Saturday, January 20, 2007

The Great Diaphragm in the Sky

A great deal of attention has been paid, recently, to the concept of a space "elevator." It's really only the newest idea in a long line of ideas on how to get into space on the cheap. Well, I guess "newest" isn't the right word since it's been around for some time. I guess the right way to describe it is as the most recent idea to become trendy.

Past ideas have included such winners as a giant sling shot, a magnetic lift, a magnetic sling shot, and the ever popular big-ass space shuttle cannon. The lift has really gained traction recently thanks to the emergence of carbon nanotubes, which promise new super materials. The main problem facing the space elevator is out of what we make the cable. When you have a cable that's thousands of miles long, the weight of the cable itself is enough to snap the cable. Ultra-light, ultra-strong materials must be invented before we could achieve the dream.

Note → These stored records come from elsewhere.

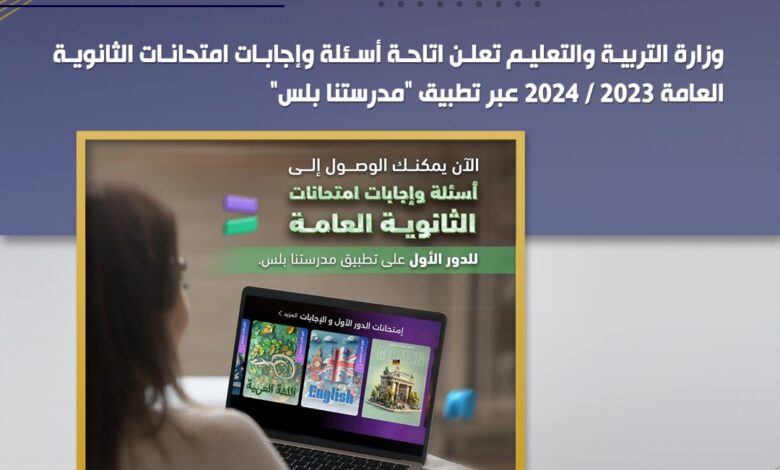 وزارة التربية والتعليم تعلن اتاحة أسئلة وإجابات امتحانات الثانوية العامة ٢٠٢٣ / ٢٠٢٤ عبر تطبيق “مدرستنا بلس”
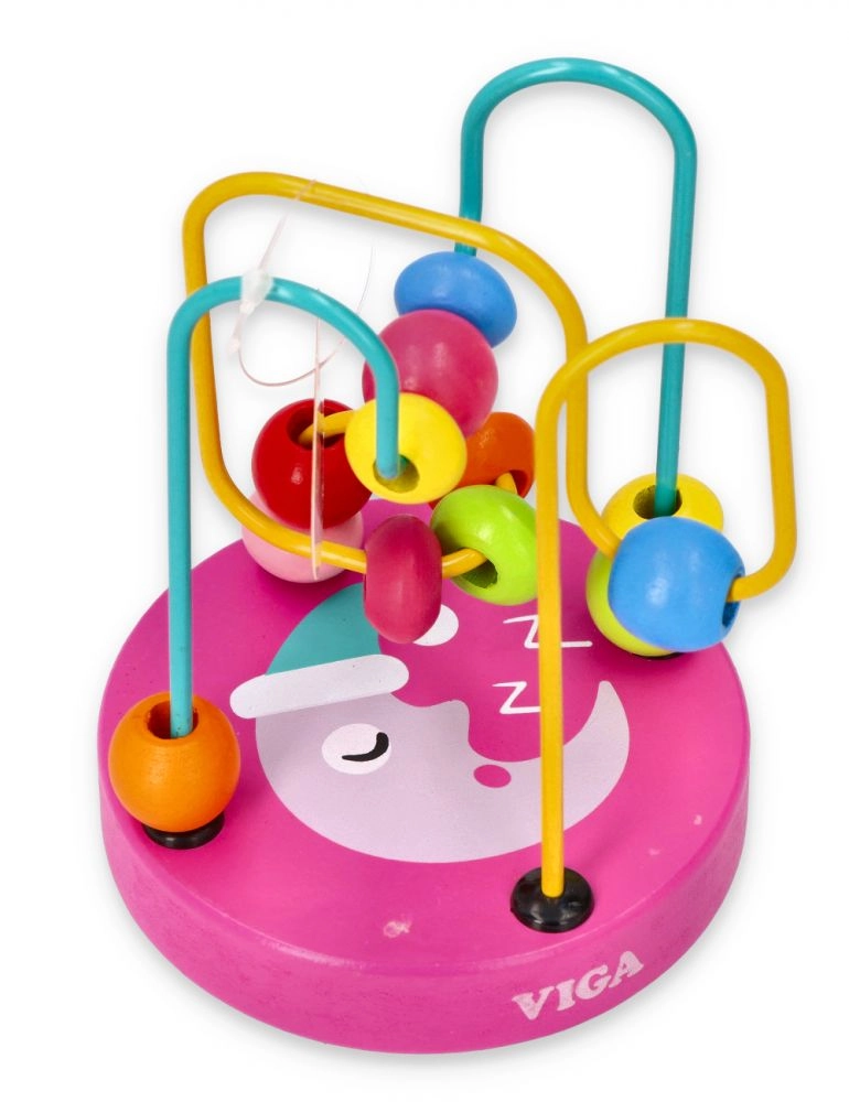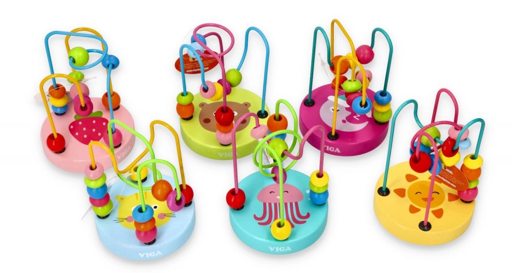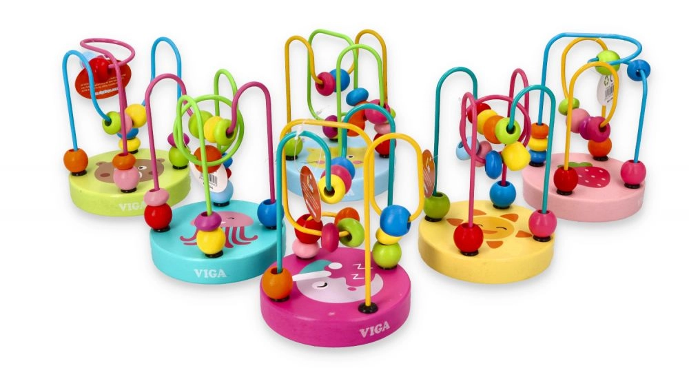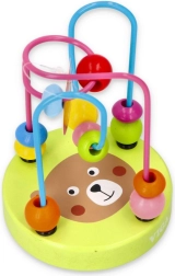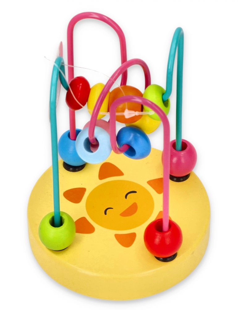 Дървеният мъниест лабиринт, познат и като моторична пътека, е класическа образователна играчка, която развива фината моторика и координацията око–ръка. Децата преместват мънистата с различни форми по извити метални пътеки, като тренират прецизни движения на пръстите и логическо мислене. Цветните мотиви върху стабилната дървена основа насърчават играта и задържат вниманието.
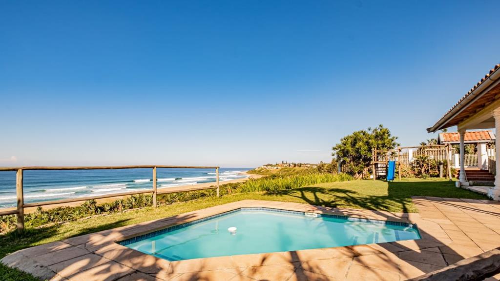 Discover an exceptional coastal retreat in the desirable Bazley Beach, Elysium, South Africa. This expansive property, set on a generous 3014 sqm erf, offers breathtaking panoramic sea views and direct access to the beach, making it an ideal holiday home or a permanent residence for those seeking a tranquil seaside lifestyle. The multi-structure layout, including a main residence and a separate flatlet or garden cottage, provides unparalleled versatility for multi-generational living or significant rental income potential.

Well, along with carbon nanotubes, we now have meta-materials. These are atoms of known materials arranged in such a way as to give the final product entirely new properties, as though they were a new kind of material. These two new toys have given futurists and arm-chair dreamers (such as yours truly) the ability to say that the problem will be solved because LOOK AT THESE NEW MATERIALS! We'll undoubtedly get there with these!

Well I think that approach is stupid. In fact, I don't think we need the new wonder-materials. With materials we have now, materials directly on the horizon, and, oh yeah, a butt-load of money, we could develop a space elevator today. First, many of the big problems with the cable's strength can be eliminated if we start the cable at high altitude. The higher up we go, the weaker the gravitational force, the less cable, and the shorter the distance.

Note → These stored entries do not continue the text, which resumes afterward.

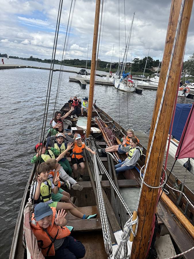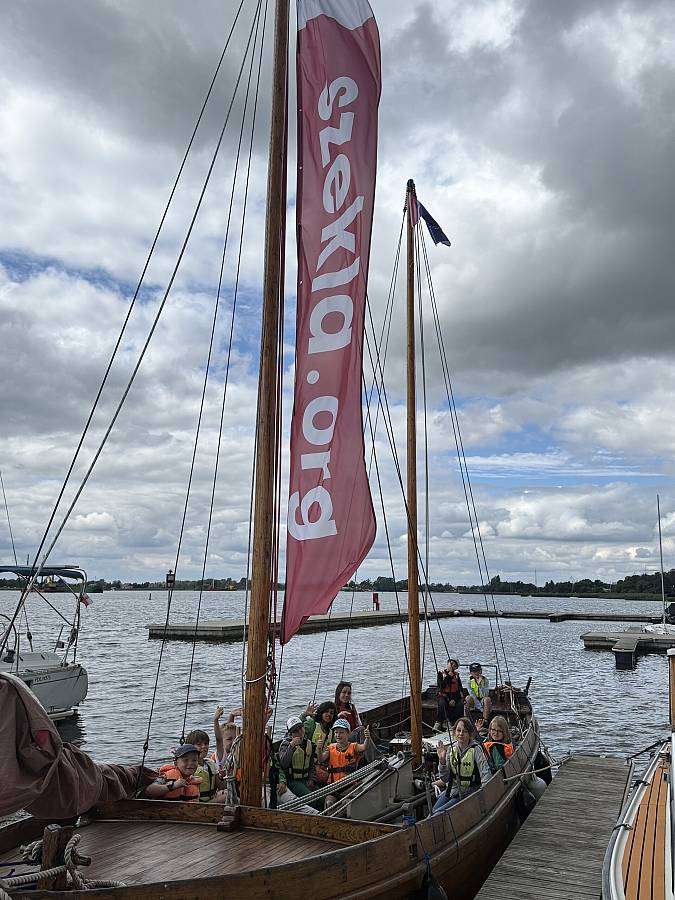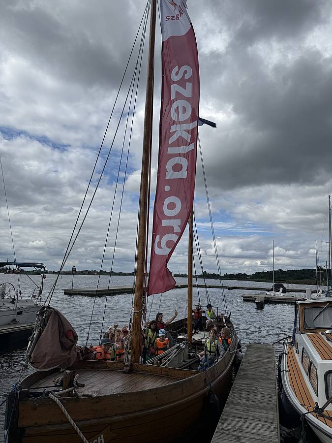 1) jedna grupa pływa na zabytkowym jachcie 12 os. : 10 uczestników + nauczyciel+ sternik Szekli
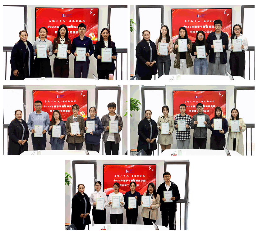 各员工党支部就支部基本情况和近期开展红色“1+1”共建活动的情况进行了交流。党总支书记李春丽肯定了各支部的工作,并对下阶段可以开展共建的主题方向、形式内容提出了建设性的指导意见。李春丽为各员工支部成员颁发了新一年度的岗位任命书,鼓励大家继续扎实开展工作,员工党员要在学习、实践、服务等各个方面起到带头作用;鼓励同学们开展形式多样的支部活动,利用北外的平台优势,多角度看世界,全面提升个人综合能力,以成长为“有家国情怀、有全球视野、有专业本领”的复合型人才为己任。
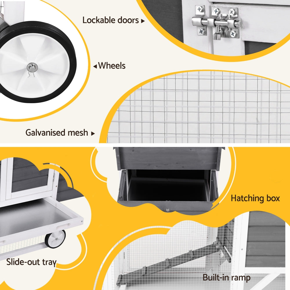 The i.Pet Chicken Coop offers a perfect blend of comfort, convenience, and mobility for your beloved pets. With a spacious enclosed play area, a dedicated hatching box for easy egg collection, and a portable design featuring two wheels, this coop ensures your animals have a safe and enjoyable environment. Crafted from durable fir wood with a weather-resistant finish, it is built to withstand the elements and provide long-lasting use. The secure galvanised mesh and latches keep your pets safe from predators, while the slide-out tray makes cleaning a breeze.

The focal point of my plan is rather absurd and dismissed by most, but I'm confident that it's sound. My idea involves balloons. Giant balloons, of course. The biggest balloons ever created. Imagine giant blimps, hundreds of times larger than the Hindenburg, supporting large, aerial, shipping platforms. We could have a ground based elevator attached to one at low altitude. This platform could theoretically be anchored to the ground. The second platform would be connected by yet another (relatively) short elevator to the first platform. By now, altitudes would high enough to be above the weather and storms would only ever be a consideration for the first platform. Finally, a series of higher platforms up into the mesosphere, with a final elevator into the thermosphere, where a station of some sort is waiting.

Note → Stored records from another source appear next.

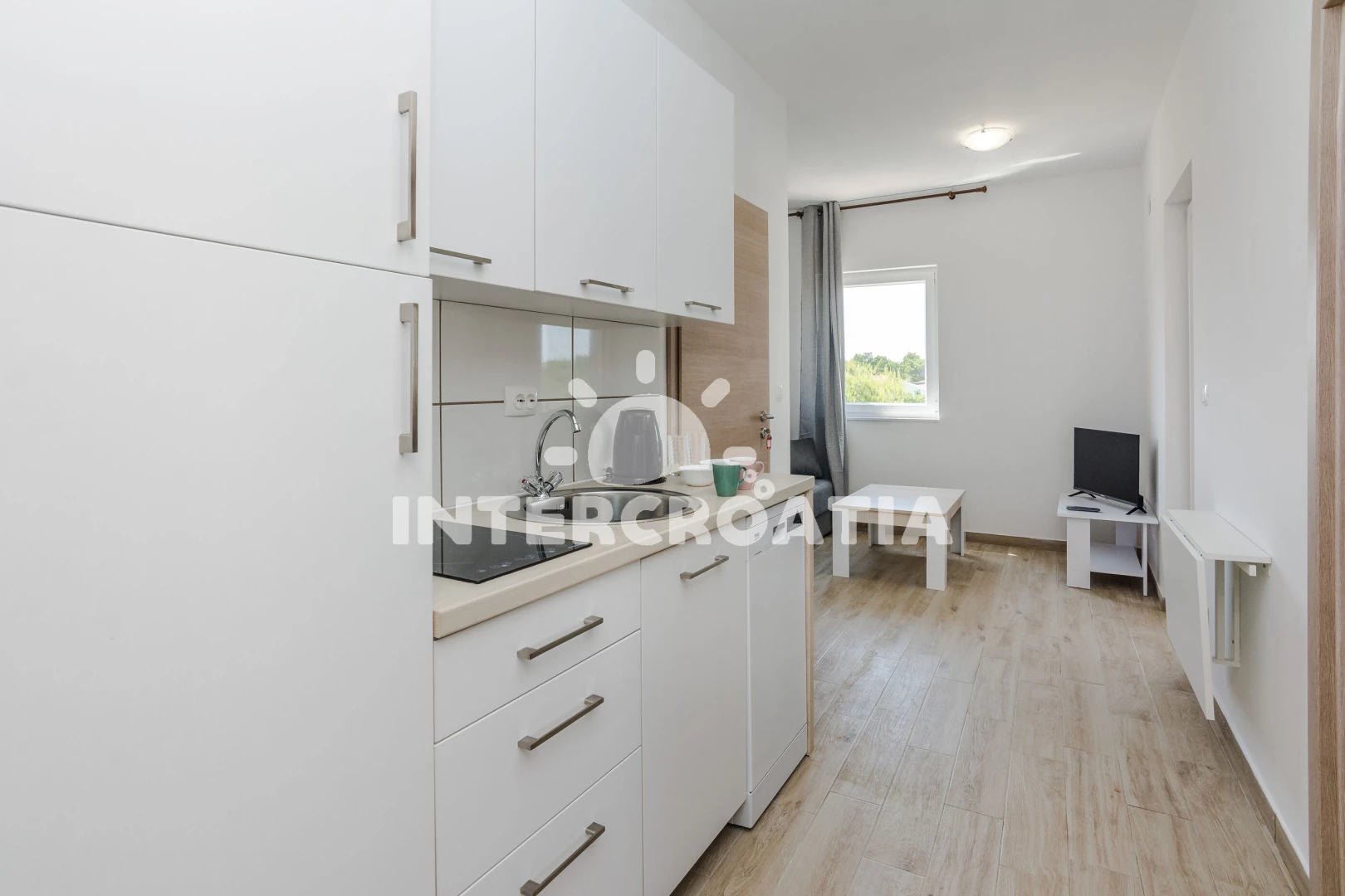 Vzdálenosti: Moře 120 m, pláž 120 m (skalnatá, oblázková, větší kamení a betonové desky), bar 100 m, restaurace 100 m, supermarket 300 m, centrum 800 m, diskotéka 800 m, veřejná doprava 800 m, potápění 800 m, lékárna 800 m, ambulance 800 m, směnárna 800 m, půjčovna kol 800 m, pošta 800 m, čerpací stanice 3 km, banka 30 km, trajekt (Zadar) 30 km, marina 30 km, letiště (Zadar) 35 km,
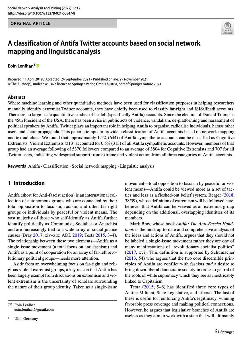 Some people are interested in my work on Antifa. So here's a short thread with some highlights. In 2022 I published the largest peer reviewed academic study to date of how Antifa use social media to organise real world violence. You can read it without paywall here.
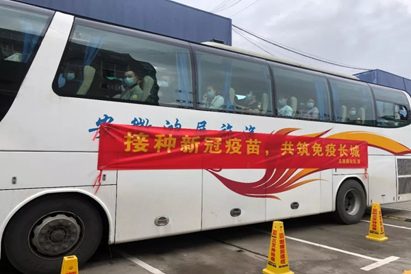 “大家不要急,帶好口罩,一個接一個下,按秩序排隊接種!”5月14日上午8點半,乘坐40余位外來務工人員的大巴車停在萬崗路上,社區志愿者正緊張地引導大家下車。五里廟擁有大量的務工人員,為了鼓勵他們接種疫苗,該社區特別租賃大巴,設立疫苗接種“愛心專車”。五里廟社區相關負責人表示,“每一班車我們都會安排專人協調對接,不僅僅在上車點,在疫苗接種點我們做好跟蹤服務。”連日來,五里廟“愛心專車”接送近20次,接送接種人員近千人,深受外來務工人員的好評,“一站式接種服務臺貼心了,真是太感謝了!”
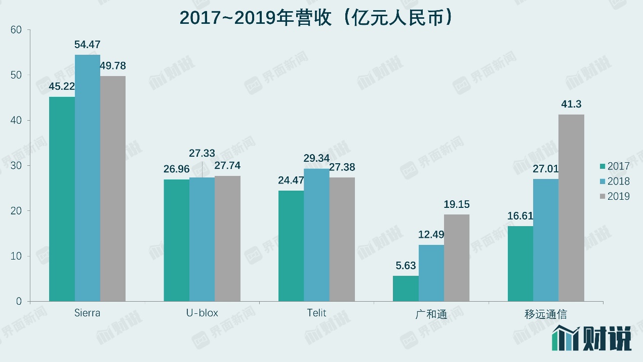 以国内两大通信模组龙头厂商为例。广和通(300638.SZ)过去三年的营收分别为5.63亿元、12.49亿元和19.15亿元,移远通信(603236.SH)过去三年的营收分别为16.61亿元、27.01亿元、41.3亿元,呈现爆发式增长的态势,逐渐抢夺了三大国际厂商的市场份额。
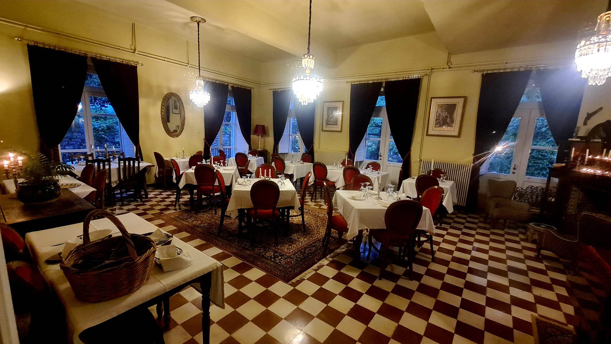Σε αυτή την κομψή σάλα – ή στην κατάφυτη βεράντα το καλοκαίρι – θα δοκιμάσετε νόστιμους συνδυασμούς ευρωπαϊκής κι ελληνικής κουζίνας, όπου συχνά πρωταγωνιστούν οι πηλιορείτικοι καρποί, όπως τα ροδάκινα με ανθότυρο και βασιλικό, το ψαρονέφρι με σύκα, το καραμελωμένο χοιρινό κότσι με πατάτες dauphinoise, το αρνάκι οσομπούκο a la Cipriani, το καταπληκτικό μοσχαρίσιο φιλέτο με σάλτσα άγριων μανιταριών ή γλυκού ροζ πιπερόκοκκου, καθώς και vegan burger, αλλά και μια υπέροχη tart tatin φυσικά με μήλα Ζαγοράς, που θα κλείσει γλυκά μια μοναδική πραγματικά βραδιά. (Λόγω των δύσκολων συνθηκών που προκάλεσε η πρόσφατη θεομηνία, το εστιατόριο όπως και το ξενοδοχείο θα λειτουργήσουν 26-29/10, 22/12 – 7/1 με σετ εορταστικό μενού. Για τη νέα χρονιά, πληροφορίες στο 24260 49930. Το εστιατόριο είναι ανοιχτό μόνο για δείπνο 19:30 – 22:30, ώρα τελευταίας παραγγελίας).

The second plan, and one I consider more cost-effective, is one where the first station is in the mesosphere. In this scenario, ground-launched airships deliver cargo to the station which is then lifted to two or three more platforms until delivery into space. Obviously, at such high altitudes, debris falling to earth will become a problem, but here is where I get to invoke the deus ex machina of future wonder-materials. The balloon skins will be made from indestructible carbon nanotube skin.

Oh, and to explain my title, I imagine that the large platforms would look similar to giant, inflated diaphragms in the sky. Or perhaps red blood cells.